- EXERCISE OBJECTIVE
Without any of the pictures, transcribe all the lines below exactly.

- STORED DATA

%%

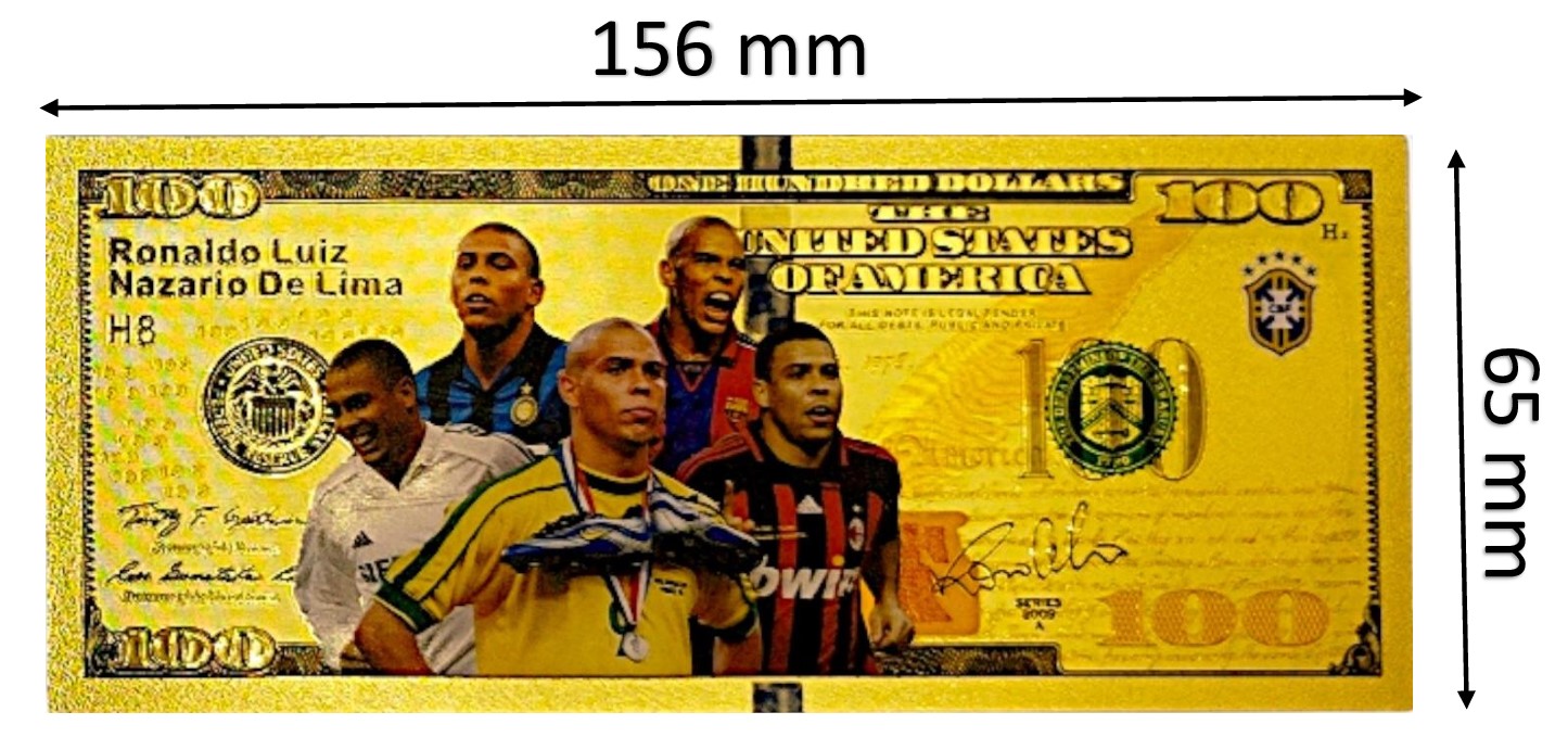 прекрасно сделан из банкноты из ПВХ с изображением Роналду R9 , покрытый золотой пленкой.
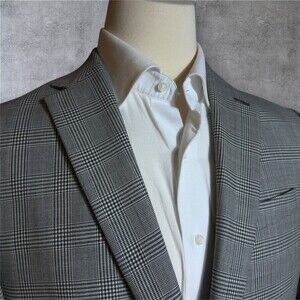 CALVIN KLEIN Mens Blazer Sport Coat Two Button Jacket 40R Gray Glen Plaid Wool
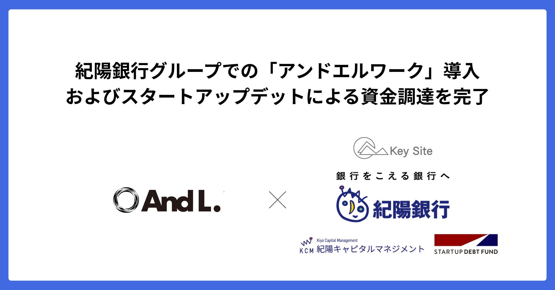 アンドエル株式会社は、紀陽キャピタルマネジメント株式会社及びSDFキャピタル株式会社の運用する紀陽スタートアップデットファンド1号から資金調達を完了いたしました。

%%

- ANSWER AREA
 прекрасно сделан из банкноты из ПВХ с изображением Роналду R9 , покрытый золотой пленкой.
 CALVIN KLEIN Mens Blazer Sport Coat Two Button Jacket 40R Gray Glen Plaid Wool
 アンドエル株式会社は、紀陽キャピタルマネジメント株式会社及びSDFキャピタル株式会社の運用する紀陽スタートアップデットファンド1号から資金調達を完了いたしました。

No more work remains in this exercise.